La jornada forma parte de una serie de paros territoriales que culminarán en una huelga general educativa en toda Cataluña, un llamado que los docentes consideran indispensable para recuperar la credibilidad en el sistema.

Marta Rodríguez, profesora de secundaria, explicó entre el bullicio: “No nos conformamos con migajas ni con acuerdos que nos ignoran. Queremos una educación justa y respeto a nuestra profesión”.

 

Miles de docentes se manifiestan en Barcelona en la primera de las cinco  jornadas de huelga en Catalunya

 

El rechazo a la gestión de Illa y del gobierno central se hizo evidente frente a la sede del Partido Socialista Catalán, donde los docentes desplegaron pancartas tachando a los sindicatos firmantes y denunciando lo que consideran un intento de silenciar sus demandas.

“El acuerdo que llaman histórico no representa a nadie. Hoy hemos demostrado que la voz del profesorado es más fuerte que los discursos políticos”, afirmó Jordi Puig, delegado sindical, mientras decenas de compañeros asentían entre aplausos y cánticos.

La disparidad en las cifras de seguimiento refleja también la desconfianza hacia las instituciones: mientras la administración cifró la participación en un 31,9%, los convocantes aseguraron que alcanzó el 70%, calificando la jornada como un éxito rotundo.

La huelga no se limitó a un gesto simbólico; su impacto fue inmediato en la vida urbana.

El transporte quedó paralizado y miles de ciudadanos atrapados en retenciones interminables, mientras se denunciaban actuaciones de los mozos de escuadra, acusados de identificar y presionar a manifestantes.

“Estamos ejerciendo nuestro derecho a la protesta, y no vamos a permitir intimidaciones ni censuras”, declaró Ana Beltrán, profesora de primaria, evidenciando la tensión entre la comunidad educativa y las fuerzas de seguridad.

La jornada ha mostrado que, más allá de la reivindicación salarial, existe un profundo malestar por la gestión política de la educación y la falta de respuesta a años de dificultades.

 

Miles de docentes se manifiestan en Barcelona en la primera de las cinco  jornadas de huelga en Catalunya

 

El impacto político de la protesta no se hizo esperar.

La presencia masiva en las calles evidencia la erosión del respaldo social hacia el ejecutivo de Sánchez, poniendo en evidencia la fragilidad de su modelo de gestión.
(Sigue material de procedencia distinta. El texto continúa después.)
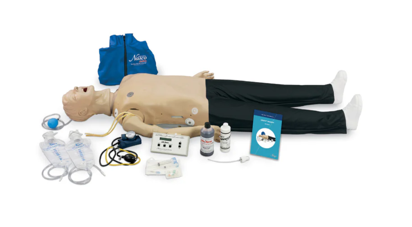 Este maniquí está destinado a ser utilizado como herramienta pedagógica para la enseñanza y demostración de técnicas de primeros auxilios en situaciones reales. El producto real puede diferir ligeramente de la foto. Nasco Healthcare se reserva el derecho de modificar el color, los materiales, los suministros o las funciones del producto según sea necesario.

“Nos han ignorado durante años y hoy hemos salido a demostrar que no vamos a callarnos. La educación es nuestra prioridad y lucharemos hasta que se nos respete”, declaró Clara Vidal, portavoz de uno de los sindicatos convocantes.

Los líderes educativos han dejado claro que la movilización continuará hasta que se cumplan demandas concretas sobre condiciones laborales, reducción de la carga burocrática y mayor inversión en recursos pedagógicos.

Mientras la huelga avanza, el mensaje de los docentes trasciende lo laboral y se convierte en un síntoma del desgaste institucional que atraviesa Cataluña.

La fractura entre gobierno, sindicatos mayoritarios y comunidad educativa es evidente, y la tensión se intensifica a medida que se acerca la huelga general.

La ciudad, testigo de un escenario cargado de indignación y determinación, refleja con fuerza que la educación y los derechos laborales siguen siendo un tema central de debate político y social en España, y que los docentes no están dispuestos a ceder ante promesas incumplidas ni gestos simbólicos.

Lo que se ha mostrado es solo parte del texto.